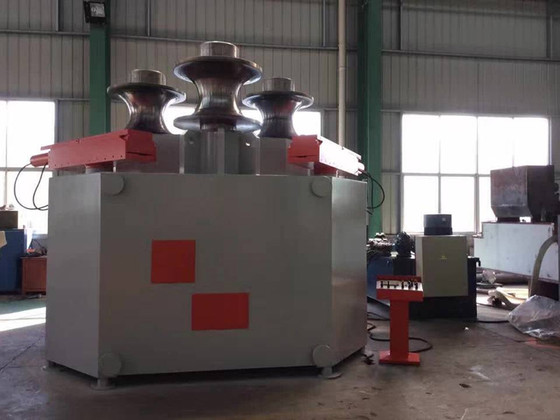 Машина с изгибом трубки с 3 рулонами приводится в движение гидравлическими двигателями и передачами. Оба боковых рулона гидравлически приводят к перемещению вертикально и могут вращаться вокруг фиксированной оси для выполнения изогнутого вертикального движения. Рулон -носитель и корректирующий направляющий рулон соответственно расположены на обеих сторонах рабочего рулона, чтобы обеспечить качество проката с асимметричным поперечным сечением (например, угловая сталь). Он может свернуть различные секции, включая круглую трубку, квадратную трубку и т. Д.
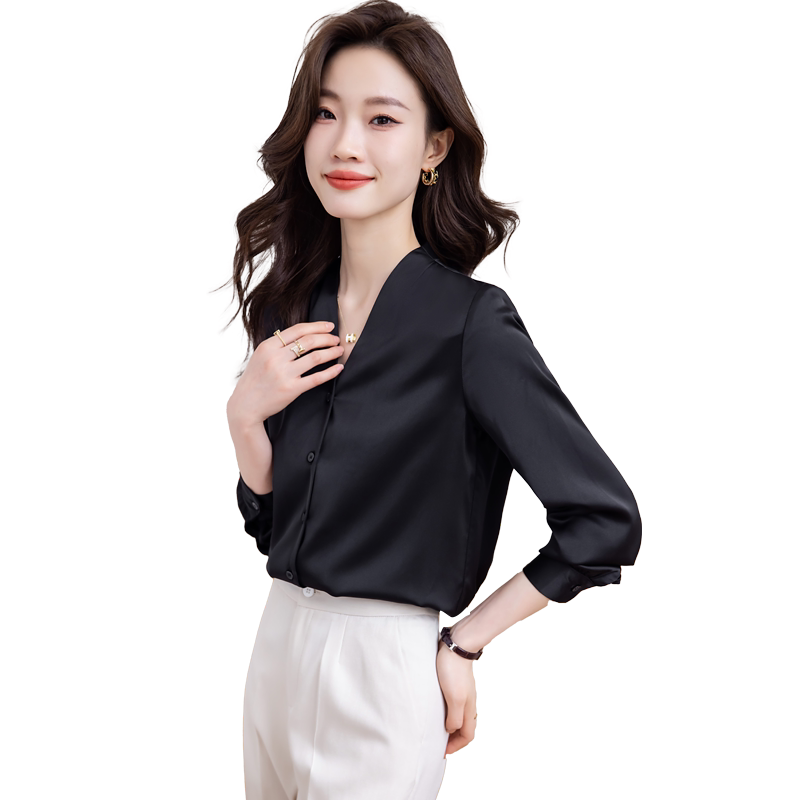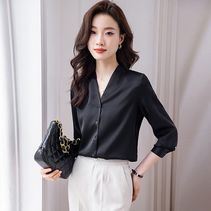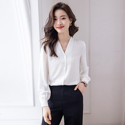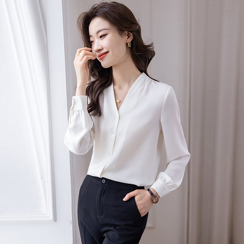 白色V领衬衫女春秋新款高端气质长袖雪纺衬衣正装工作服职业套装
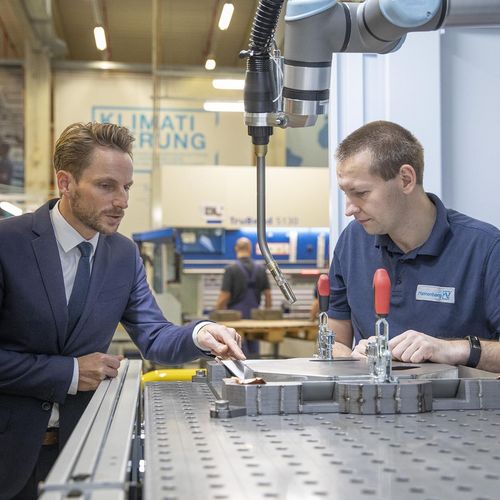 Erik Westphal 通过 TruArc Weld 1000 焊接单元找到了解决方案。该六轴协作机器人可以借助线性轴定位在部件的左侧或右侧,从而为加工提供更多的自由空间。Fronius 的高性能焊机具有 350 A 超细焊枪,即使是难以接近的部件部分也能可靠焊接。外部送丝系统和 Demmeler 的 3D 加工台(方便使用柔性夹具)使设备更加完善。安全技术符合通快机床的高标准。设备的亮点在于操作简单:设备操作员无需学习编程培训课程,只需将协作机器人手动摆放到位即可。通过机器人焊枪上的示教模块可直接确定路径点以及焊缝的开始和停止。
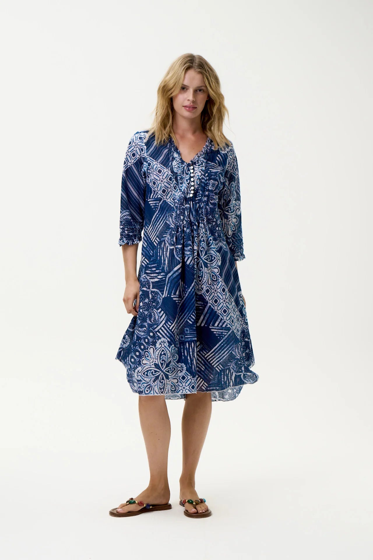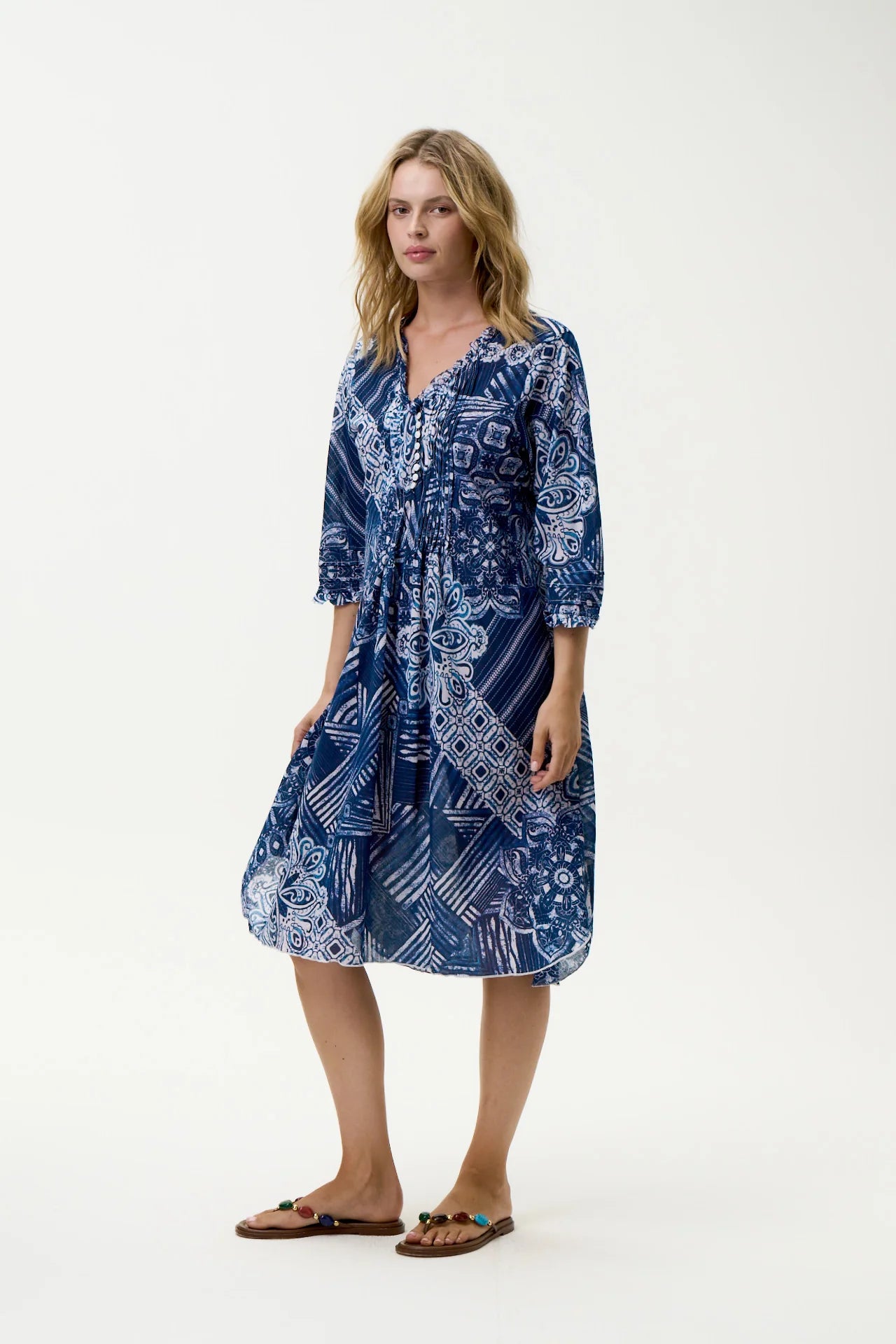 The Middy Poppy is our longest standing and most loved style. A true summer essential, the style is cut from 100% washed cotton and complements all body shapes with a flattering, looser silhouette. It’s finished with delicate raw ruffles around the neckline and sleeves and sits just below the knee.

# What is expected
Print the complete listing exactly, apart from any pictures.

# Response
 Машина с изгибом трубки с 3 рулонами приводится в движение гидравлическими двигателями и передачами. Оба боковых рулона гидравлически приводят к перемещению вертикально и могут вращаться вокруг фиксированной оси для выполнения изогнутого вертикального движения. Рулон -носитель и корректирующий направляющий рулон соответственно расположены на обеих сторонах рабочего рулона, чтобы обеспечить качество проката с асимметричным поперечным сечением (например, угловая сталь). Он может свернуть различные секции, включая круглую трубку, квадратную трубку и т. Д.
 白色V领衬衫女春秋新款高端气质长袖雪纺衬衣正装工作服职业套装
 Erik Westphal 通过 TruArc Weld 1000 焊接单元找到了解决方案。该六轴协作机器人可以借助线性轴定位在部件的左侧或右侧,从而为加工提供更多的自由空间。Fronius 的高性能焊机具有 350 A 超细焊枪,即使是难以接近的部件部分也能可靠焊接。外部送丝系统和 Demmeler 的 3D 加工台(方便使用柔性夹具)使设备更加完善。安全技术符合通快机床的高标准。设备的亮点在于操作简单:设备操作员无需学习编程培训课程,只需将协作机器人手动摆放到位即可。通过机器人焊枪上的示教模块可直接确定路径点以及焊缝的开始和停止。
 The Middy Poppy is our longest standing and most loved style. A true summer essential, the style is cut from 100% washed cotton and complements all body shapes with a flattering, looser silhouette. It’s finished with delicate raw ruffles around the neckline and sleeves and sits just below the knee.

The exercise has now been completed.